Reported: 2009-09-29 15:04 EDT by
Modified: 2009-11-30 09:39 EDT (History)


Attachments
Solution #1 (via long doubles) (1.13 KB, patch)
2009-09-29 17:23 EDT, Andrey Mazo
Details | Diff
Solution #2 (via TimeInvert) (1.49 KB, patch)
2009-09-29 17:24 EDT, Andrey Mazo
Details | Diff
Modifications to examples to measure perfomance gain. (1.59 KB, patch)
2009-09-29 17:26 EDT, Andrey Mazo
Details | Diff
solution #3 (2.46 KB, patch)
2009-11-24 06:34 EDT, Mathieu Lacage
Details | Diff


Note

You need to log in before you can comment on or make changes to this bug.

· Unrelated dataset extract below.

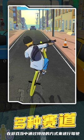 飞车骑行是一款非常有趣的手机自行车竞速题材游戏,在这款游戏中玩家们能够骑行自己的自行车在线体验竞速的快乐,在这里你要骑上自行车在城市赛道中进行模拟闯关游戏体验,非常的好玩有趣,游戏中你能够感受到最丰富的竞速乐趣,还有更多的高难度游戏体验等你前来感受。
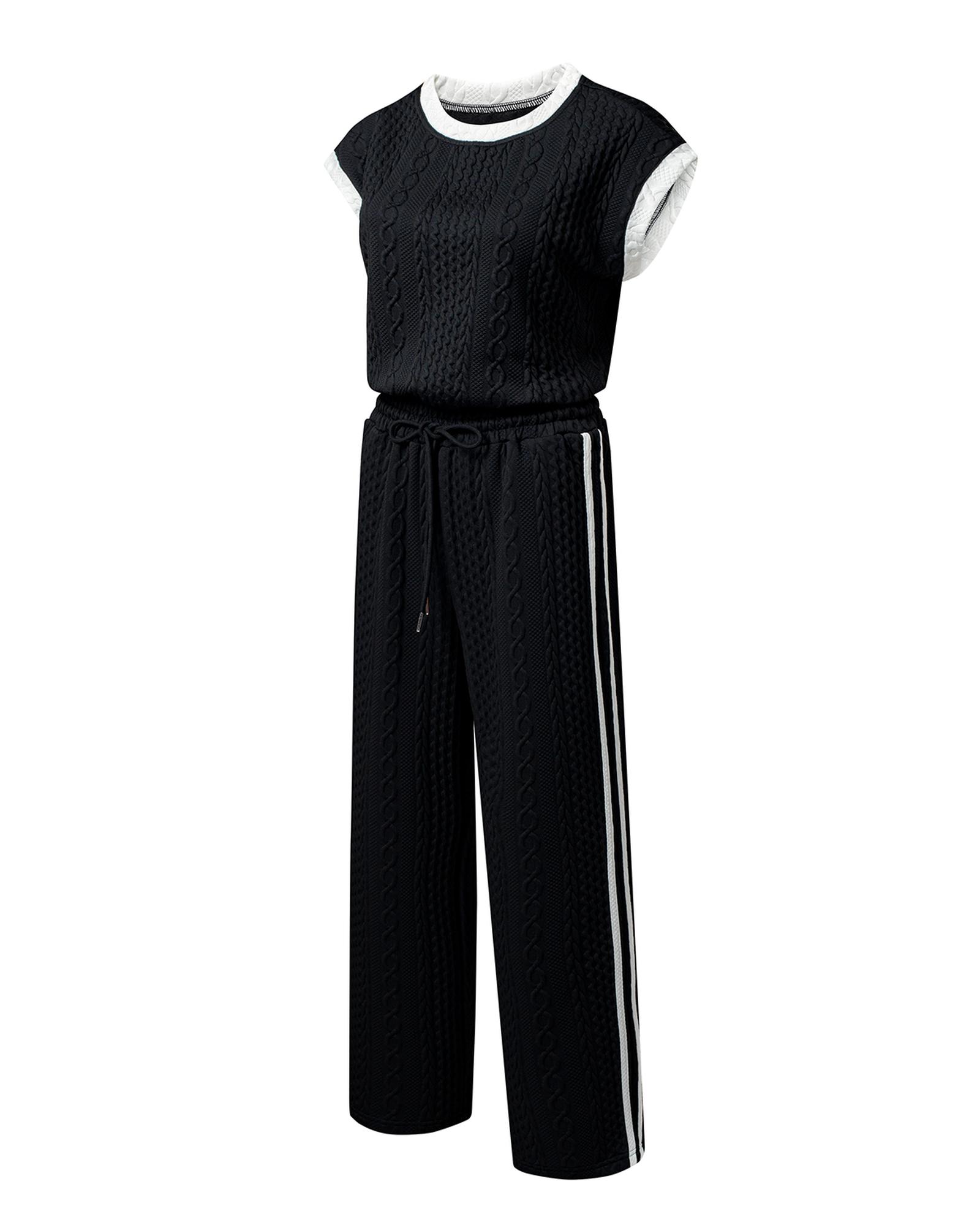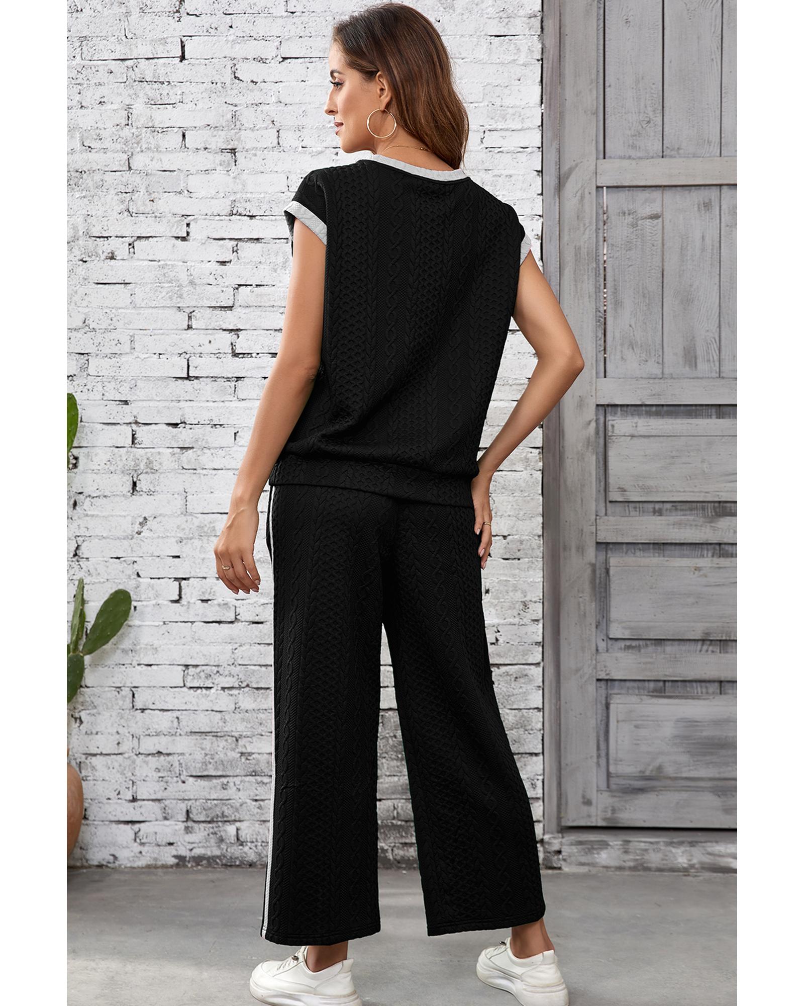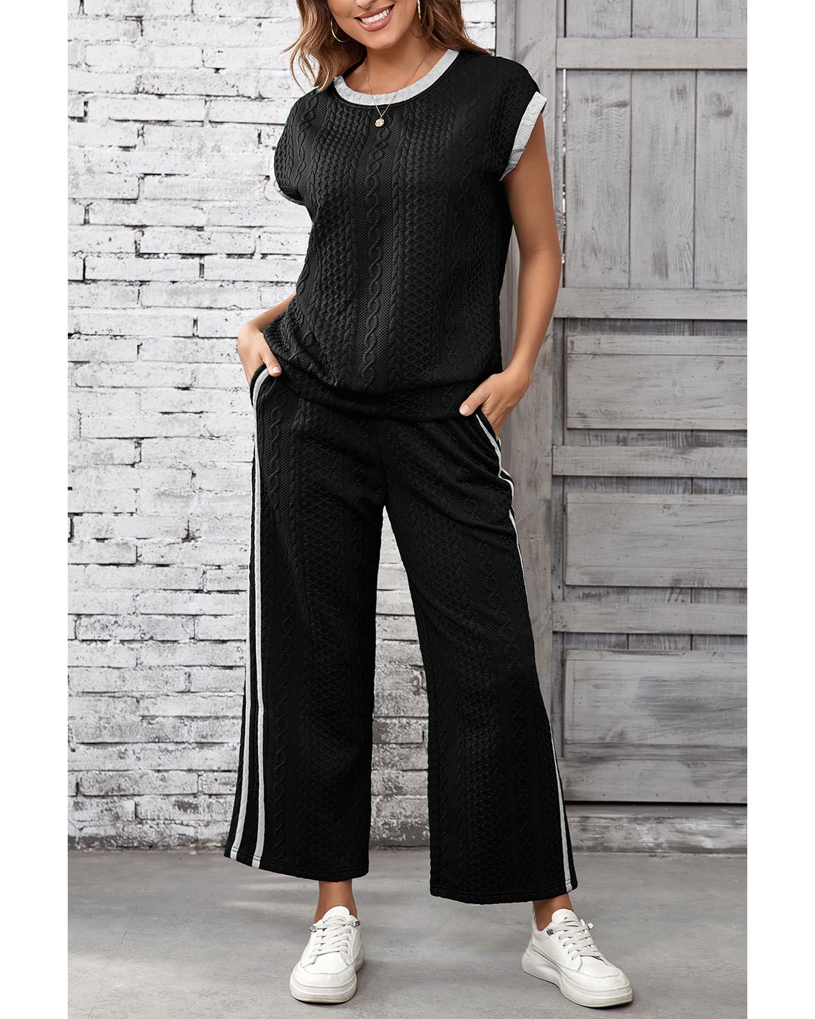 Black Cable Knit Contrast Trim Short Sleeve Top and Pants Set – M

Description From 2009-09-29 15:04:22 EDT
UpdateBackoff() function seems to be a bottleneck for wifi-based simulations
eating up to 30% in "examples/mesh".

The really slow line is (src/devices/wifi/dcf-manager.cc:522 at rev
684768c10c59):
Scalar nSlots = (Simulator::Now () - backoffStart) / m_slotTime;

This line executes slow HighPrecision division each time the Updatebackoff()
function is called (and moreover each for() loop iteration).

I see at least 2 possible solutions:
1) retrieve nanoseconds from all involved Time variables and run all
calculations using long double precision;
2) Calculate (1 / m_slotTime) once in DcfManager::SetSlot() and use faster
128bit multiplication instead of slow 128bit devision here.

Solution #1 theoretically can be less precise than original code, but:
1) GetNanoSeconds () returns uint64_t which won't overflow until 584-year-long
simulation which is more than enough;
2) difference (Simulator::Now () - backoffStart) isn't supposed to be very
large, so long double easily handles it;
3) ratio ((Simulator::Now () - backoffStart) / m_slotTime) isn't supposed to be
very large too, so again long double is enough;
4) nSlots is anyway converted to double, thus losing the HighPrecision.
So I think solution #1 isn't less precise in practice.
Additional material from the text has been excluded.